All restaurant openings are fraught with numerous challenges, from passing health and fire inspections to staffing everyone from the chef de cuisine to the night porter. But when Mike Solomonov and Steve Cook set out to open Citron and Rose, their new Main Line spot, the obstacles they faced were downright biblical.
Much like the reimagined Israeli cuisine of Zahav, Citron and Rose aims to bring another largely unfamiliar set of tastes to the Philadelphia area — namely, those of Eastern European Jewish cookery. And the duo chose to execute the menu not only with a modern flair but also with the designation of Glatt kosher, catering to the area’s most observant clientele.
No shellfish? No problem. Lose the pork belly? Sure, that stuff is everywhere. But delving a little further into the laws of kashrut, things get a little dicey, especially from a restaurant’s point of view.
Dairy is a no-go, meaning that your meal-ending cappuccino is made with frothed soy milk and desserts are served with coconut-soy-milk ice creams. But these are challenges easily overcome by a creative kitchen whose members can cook without the usual crutches of butter and cream.
But when Cook set out to create the bar program, he faced a whole new set of hurdles.
Anyone who’s ever sipped a glass of Manischewitz knows that the jokes about cloying kosher wines are well-founded, but very few folks know the backstory.
Manischewitz falls under the category of mevushal wines, which have been cooked to a bare boil or flash-pasturized, killing off any fine mold that would make them nonkosher.

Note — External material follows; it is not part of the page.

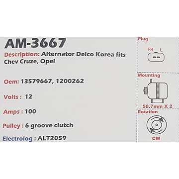 Alternator Chrysler 3.3L - 3.8L V6 (6-cylinder) 12V 160A - AM-3361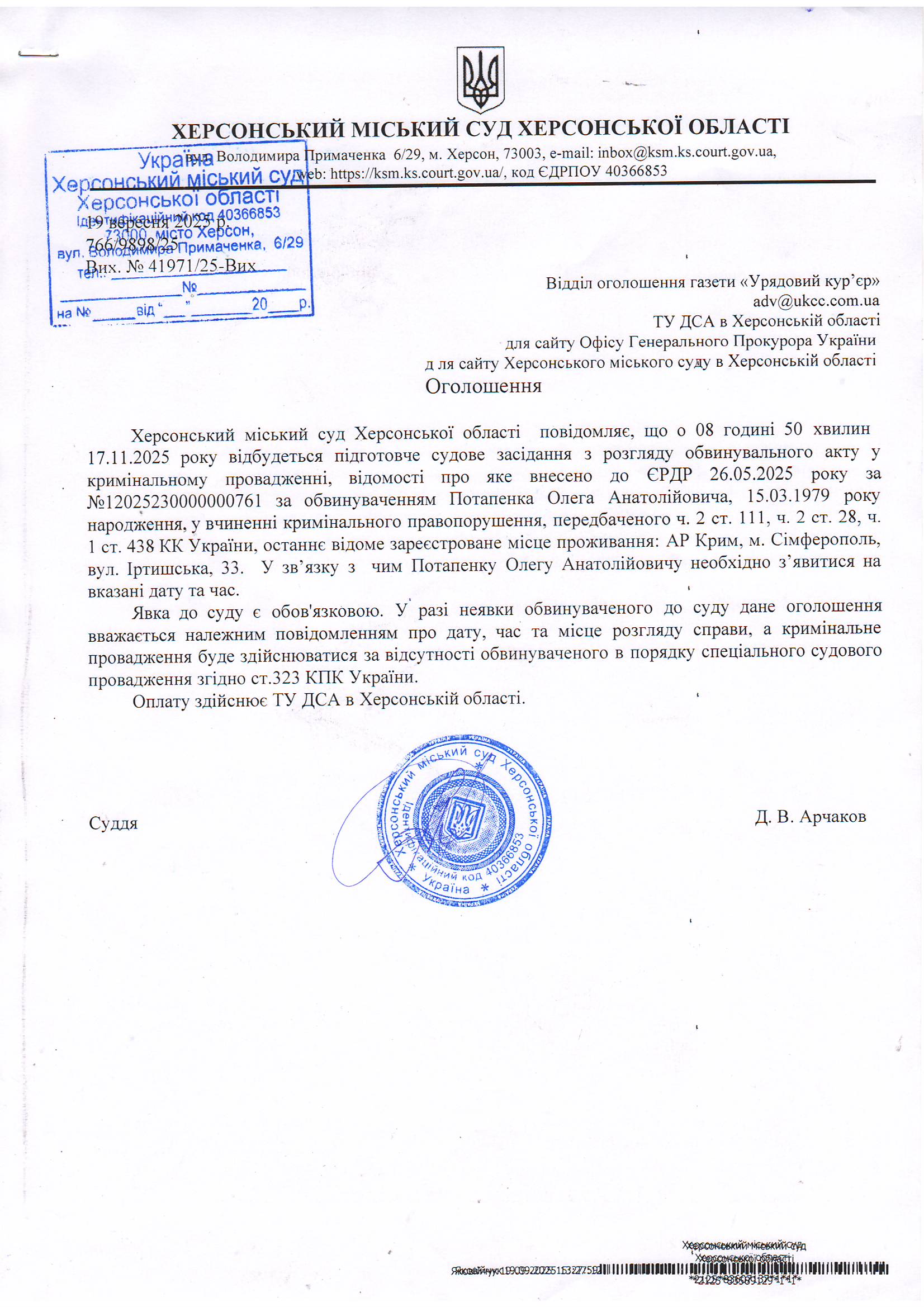 Оголошення для Потапенка Олега Анатолійовича

This process allows non-Jews to serve the wines, but also does a number on the tannins and acids, resulting in flavors that are, well, let’s just say a little flabby. Citron and Rose, however, has done a fine job curating a list of wines that are quite interesting, including Spanish cavas, Piedmontese barolos and even an unlikely trockenbeerenauslese for dessert.
The real magic, though, happens in the cocktail menu that Cook and general manager Eilon Gigi created. Stocking bar basics was pretty straightforward, given the fact that most liqueurs carry a hechsher, but when it came to the amaros and vermouths that most mixologists rely on, there aren’t many kosher ones. There’s no Campari behind the bar, and not even a bottle of sweet vermouth.
But these limitations, this forced creativity, make the cocktails especially exciting. It’s a playful list full of nods to Eastern Europe. The Lower East Side blends gin, cucumber and dill into a drink that exists somewhere between a gimlet and a pickle. The Reb Roy, Citron’s answer to a Manhattan, brings together bourbon, Drambuie, bitters and barrel-aged Manischewitz. A recent addition to the menu, 40 Days and 40 Nights, is the Dark and Stormy that would be at home at a Jewish deli, a genius pairing of allspice-infused rum, brown-sugar syrup, lime and a pour of Dr. Brown’s Cel-Ray soda.